The first step in addressing unhealthy thoughts, is knowing when you have them. Self-monitoring can be an excellent way of increasing your awareness of your thoughts and how they impact your mood and behaviors.

It is important to keep in mind that everyone experiences unhealthy thoughts like the ones above, and there might sometimes actually be some truth to those thoughts. For example, it is possible that you might have done something to upset another person, and as a result, they were not polite to you. However, we cannot really know if this is true or not unless we have enough information.

Therefore, it can be helpful to ask yourself some of the following questions:

  • What evidence do I have for this thought?
  • What evidence do I have against this thought?
  • Are there times when this thought hasn't been true?
  • Do I have this kind of thought when I am feeling OK as opposed to feeling sad, angry, or anxious?
  • What would I tell someone else who was having this kind of thought?
  • Is it possible that I am having this thought just out of habit?
  • What might be an alternative explanation?

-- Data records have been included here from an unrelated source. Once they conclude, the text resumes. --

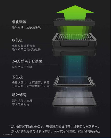▲这是一种来自硅谷的空气净化技术。在收集极和发生极之间制造高能离子场,利用高浓度的离子,主动捕捉颗粒物、杀菌灭毒、分解甲醛……既规避了传统滤网技术的性能打折和反复更换滤网的问题,又解决了传统静电技术的效率不高和臭氧控制的问题!
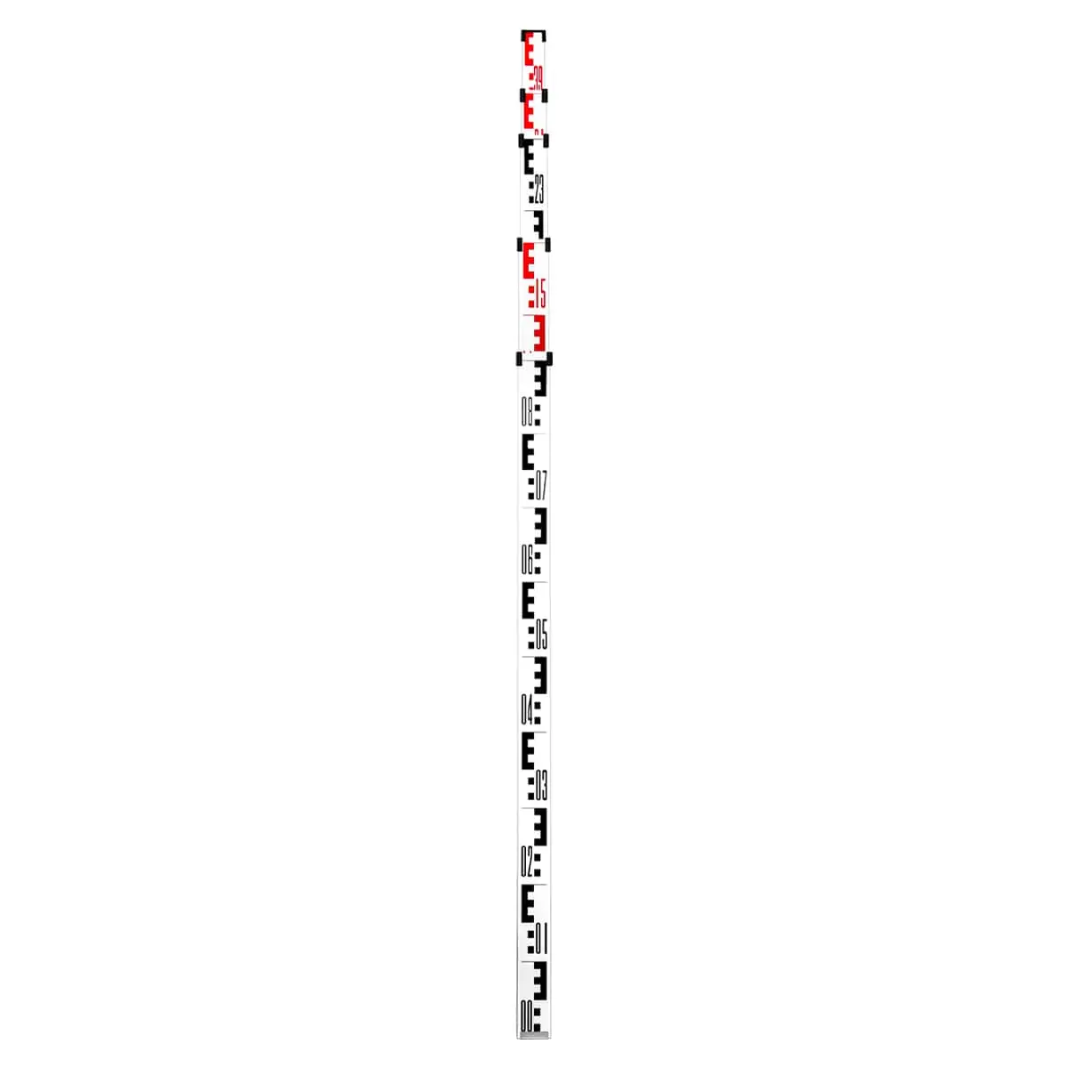 - Две шкалы с разных сторон рейки, миллиметровая и шашечная, с дециметровыми интервалами, начало отсчета которых совпадает с опорной кромкой стальной пятки в нижней части, дают возможность использовать нивелирную рейку как с оптическими, так и с лазерными нивелирами.
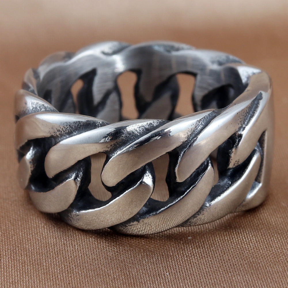 Introducing the European and American Jewelry Titanium Steel Locomotive Chain Ring – a stunning blend of retro charm and modern aesthetics, designed for the contemporary man who values both style and substance.
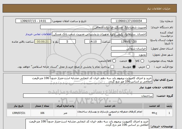 نام دستگاه خریدار:مدیریت شعب بانک مسکن خراسان شمالی
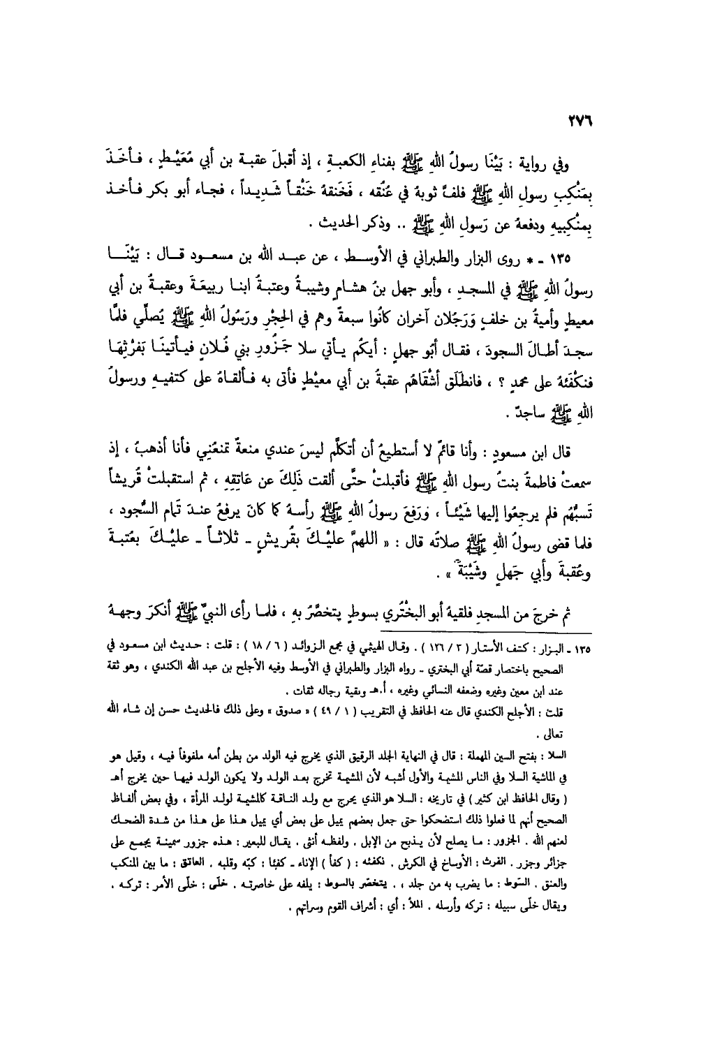 135 - * روى البزار والطبراني في الأوسط، عن عبد الله بن مسعود قال: بينا رسول الله صلى الله عليه وسلم في المسجد، وأبو جهل بن هشام وشيبة وعتبة ابنا ربيعة وعقبة بن ابي معيط وأمية بن خلف ورجلان آخران كانوا سبعة وهم في الحجر ورسول الله صلى الله عليه وسلم يصلي فلما سجد أطال السجود، فقال أبو جهل: أيكم يأتي سلا جزور بني فلان فيأتينا بغرثها فنكفئهُ على محمدٍ؟، فانطلق أشقاهم عقبة بن أبي معيطٍ فأتى به فألقاه على كتفيه ورسول الله صلى الله عليه وسلم ساجد.
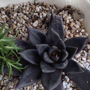 【エケベリア属 原種アフィニス】32 (和名 古紫・紫蘭妃) 我が家では、何故か カイガラムシの餌食になりやすい ブラック エケベリア🐛🐛🐛 「黒系エケベリアの交配親 夏の紫外線、高温に弱い」 【羽兼直行】さんの書籍から抜粋 ふるさと納税の返礼品 【唐津市 吉原園芸】さん https://www.rakuten.ne.jp/gold/yoshiharagarden/ ✏️自分用❄️越冬メモ✏️ 直射日光、風通しの良い場所を好む マイナス1~2℃まで耐え、 霜に当てても可 _φ(・_・ 【サボテンランド Cacto-Loco】さん のサイトから抜粋 http://cactoloco.jp/dic/A329.html
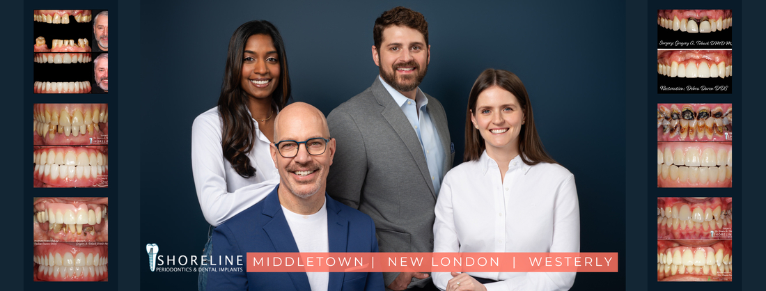 At Shoreline Periodontics, we specialize in advanced periodontal and dental implant care delivered with precision, compassion, and collaboration. Our expert team—Dr. Gregory Toback, Dr. Daniel Rolotti, Dr. Lavanya Rajendran, and Dr. Ellen Pearce—offers customized treatment solutions designed to restore oral health and confidence. Whether you're seeking full arch rehabilitation, dental implants, or gum disease treatment, our doctors work closely with patients and their general dentists to achieve optimal outcomes. With locations in Middletown CT, New London CT, and Westerly RI, Shoreline Periodontics is proud to provide exceptional specialty care throughout Connecticut and Rhode Island.
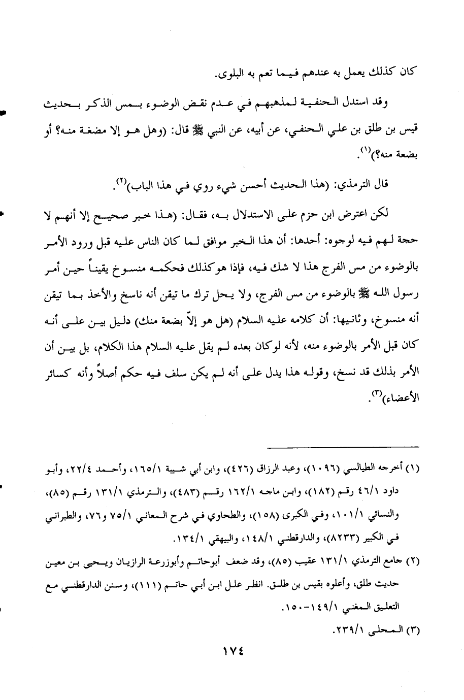 (¬2) جامع الترمذي 1/131 عقيب (85) ، وقد ضعف أبو حاتم وأبو زرعة الرازيان ويحيى بن معين حديث طلق، وأعلوه بقيس بن طلق. أنظر علل ابن أبي حاتم (111) ، وسنن الدارقطني مع التعليق المغني 1/149-150.
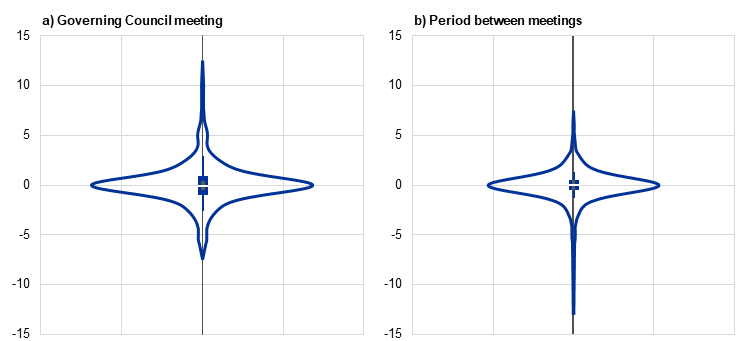 Consistent with the literature, the distribution of yield impacts triggered by monetary policy press releases and press conferences exhibits “fat tails”.[4] Yield responses to monetary policy announcements are generally small, but significant announcements lead to substantial asset price reactions, resulting in a fat-tailed distribution. This can be seen from panel a) in Chart B, where the width at each point of the “violin” plot reflects the density of the data. Most values are concentrated around zero and the thin tails indicate occasional, larger responses. The “fat tails” are an even more pronounced feature in the distributions of the impact of communication between meetings, owing to the more muted market reaction in general and fewer significant events, despite some important events occurring between meetings that have a very high market impact in the tails of the distribution.[5]
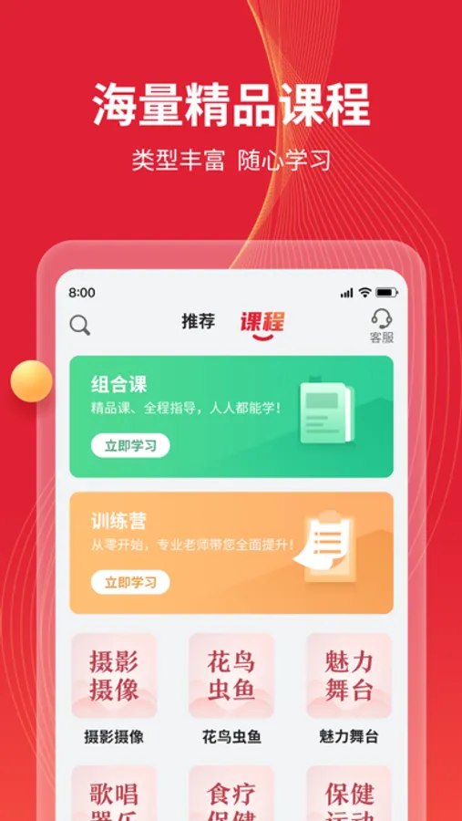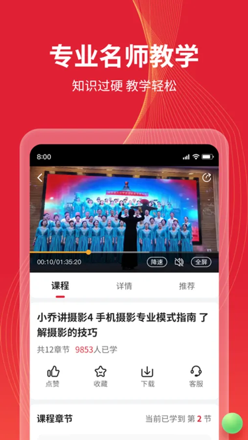 【海量的兴趣课程】 包含摄影摄像、歌唱、舞蹈、书法、国画、运动、养生、乐器、形体、朗诵等众多兴趣课程,用户可根据自己的需求选择学习相应的课程;
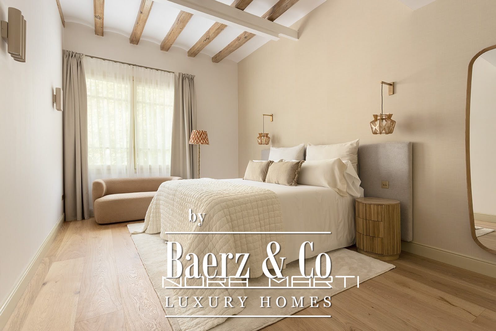 The living room, anchored by handcrafted local tiles and floor-to-ceiling windows, opens to a quiet terrace, blending indoor comfort with outdoor calm. A fully modernized kitchen, equipped with a wine cellar, large oven, and spacious dining area, fosters both daily living and hosting. Interior design weaves natural elements with subtle elegance, pairing natural oak flooring in wide planks with underfloor heating and dual-zone climate control for consistent comfort.
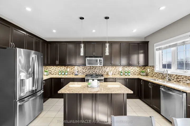 +"PublicRemarks": "**RARE PIE-SHAPED RAVINE LOT ON A QUIET CUL-DE-SAC WITH LEGAL WALK-OUT INCOME SUITE** Welcome to an exceptional family home tucked away on a quiet, child-friendly court-offering the kind of lot, layout, and long-term value that rarely comes to market. An impressive 110-ft wide backyard, this 5-bedroom, 5-washroom residence delivers space, privacy, and flexibility in one of Brampton's most sought-after pockets, right on the Vaughan border. Built in 2014 and offering approx 3,369 sq ft above grade, the home is thoughtfully designed for growing or multi-generational families, with every bedroom featuring ensuite or semi-ensuite bathroom access. A grand double-door entry opens into a welcoming foyer with smooth ceilings, crown mouldings, and rich hardwood flooring throughout the main level. Enjoy 9-ft ceilings, a gas fireplace in the family room, built-in surround sound, and a versatile main-floor den ideal for a home office or studio. The kitchen serves as the heart of the home, featuring granite countertops, extended dark espresso cabinetry, stainless steel appliances, and an open-concept layout flowing seamlessly into the breakfast and family rooms-perfect for everyday living and entertaining, all while overlooking the ravine-backed yard. Convenient second-floor laundry enhances the home's functional layout. Brand NEW legal walk-out basement apartment (never lived in) offers excellent income potential or in-law suite and includes a separate, owner-accessible area for added flexibility. Additional upgrades include 200-amp electrical service for future expansion and EV charging, plus an energy-recovery ventilation (ERV) system for year-round fresh, energy-efficient air circulation. With no sidewalk, ample parking, potential for a future garden suite, and close proximity to top-rated schools, parks, transit, shopping, Gore Meadows Community Centre, and major highways (407 & 427), this is a rare move-up opportunity that truly checks every box. Don't miss this!"
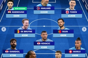 前鋒:馬爾穆什(6000萬)、哈蘭德(2億)、福登(1.4億)
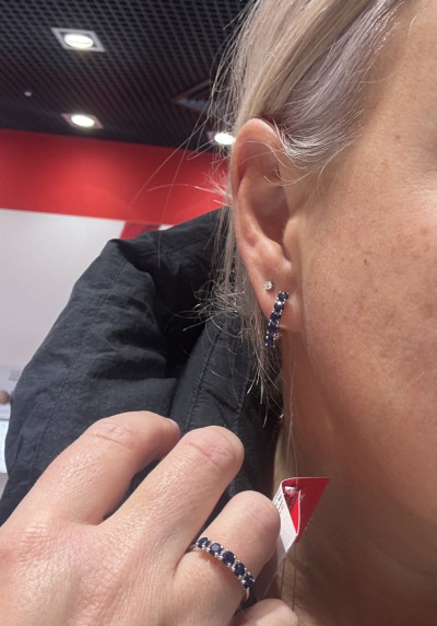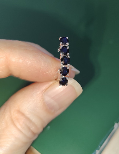 Очень красивые, тёмные сапфиры. Серьги удобные, не цепляются. Давно хотела сапфиры к моим синим глазам ) Спасибо.
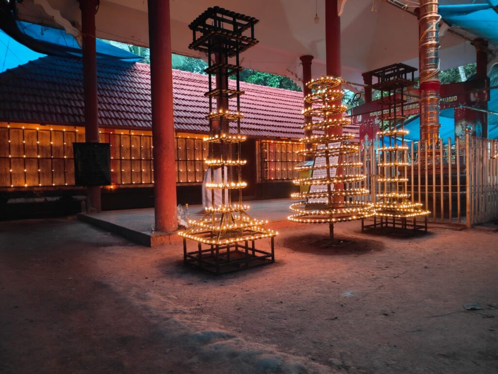 According to Hindu beliefs, lighting lamps is a way of invoking divine energy and dispelling darkness — both external and internal. The Niramala offering is a collective act of devotion in which thousands of oil lamps (deepams) are lit all around the temple premises, including the temple walls (vilakkumadam), sanctum, and pathways. As the flickering lamps illuminate the night, devotees believe that the light symbolizes the victory of truth over ignorance and the presence of the Goddess in her most radiant form.
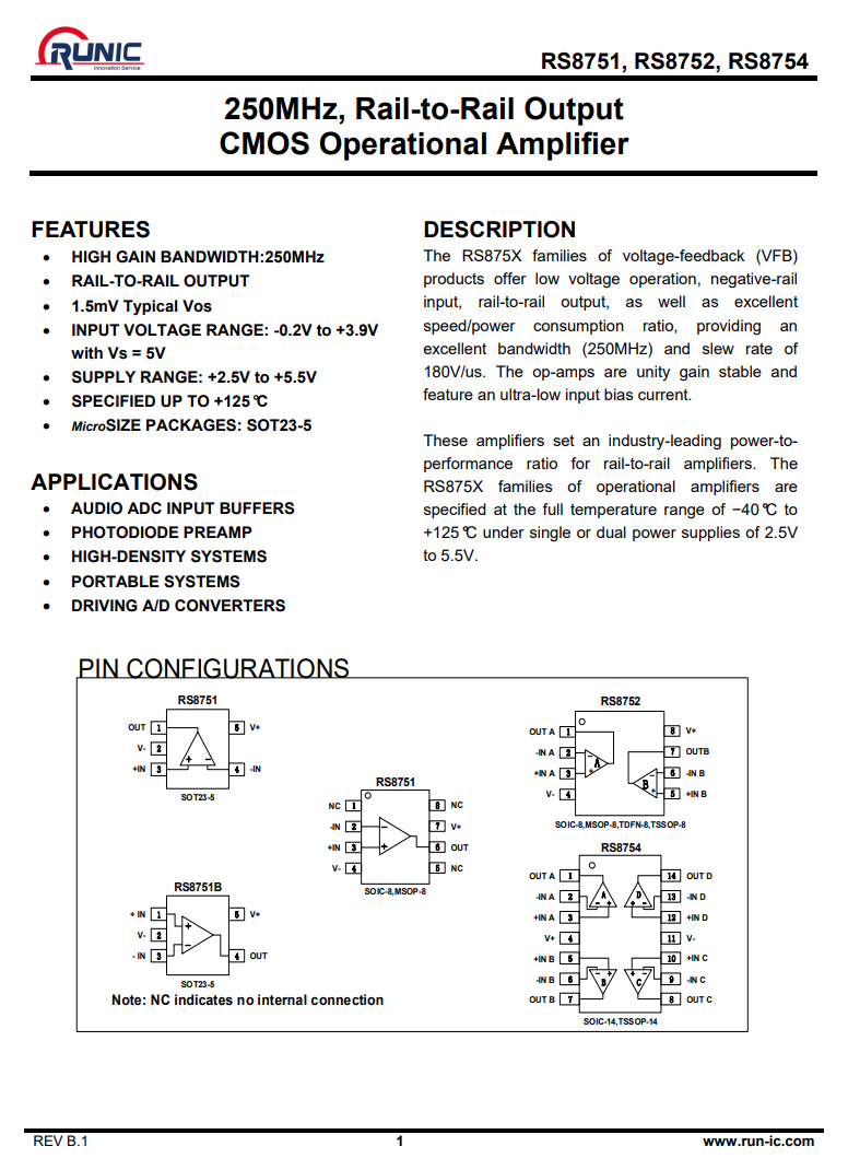 潤石 RS8751 單運放,用于信號處理。
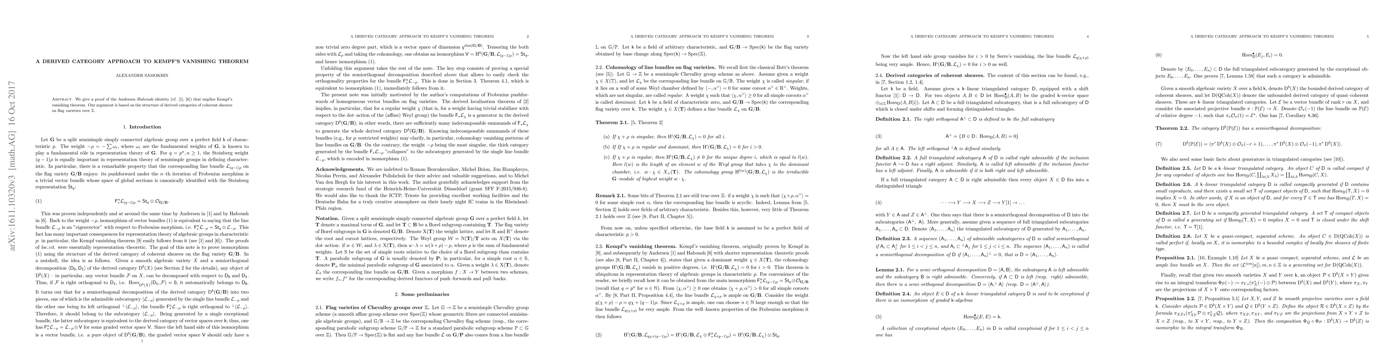 We give a proof of the Andersen-Haboush identity that implies Kempf's vanishing theorem. Our argument is based on the structure of derived categories of coherent sheaves on flag varieties over $\mathbb Z$.

Asking yourself these types of questions can help break the habit of unhealthy thinking and help you be more flexible in your thinking. In the end, this could improve your mood or prevent your mood from getting worse.

In addition, it may also be helpful to practice mindfulness. That is, when you notice that you are having an unhealthy thought, simply view the thought as just a thought and nothing else. It is just something your mind does when you are feeling a certain way or faced with a certain situation. It is a habit and not an indication of truth. Taking a step back from your thoughts and diminish their power over your mood.

Cognitive-Behavioral Therapy

If you find that you are having many of the unhealthy thoughts listed above and you find it helpful to address those thoughts, you might consider seeking out a cognitive-behavioral therapist. Cognitive-behavior therapy places a big emphasis on the thoughts we have and how those thoughts influence our emotions and behavior.

You can find treatment providers in your area through UCompare HealthCare from About.com, as well as the Anxiety Disorder Association of America.

Source:

Beck, J.S. (1995). Cognitive Therapy. New York, NY: Guilford Press.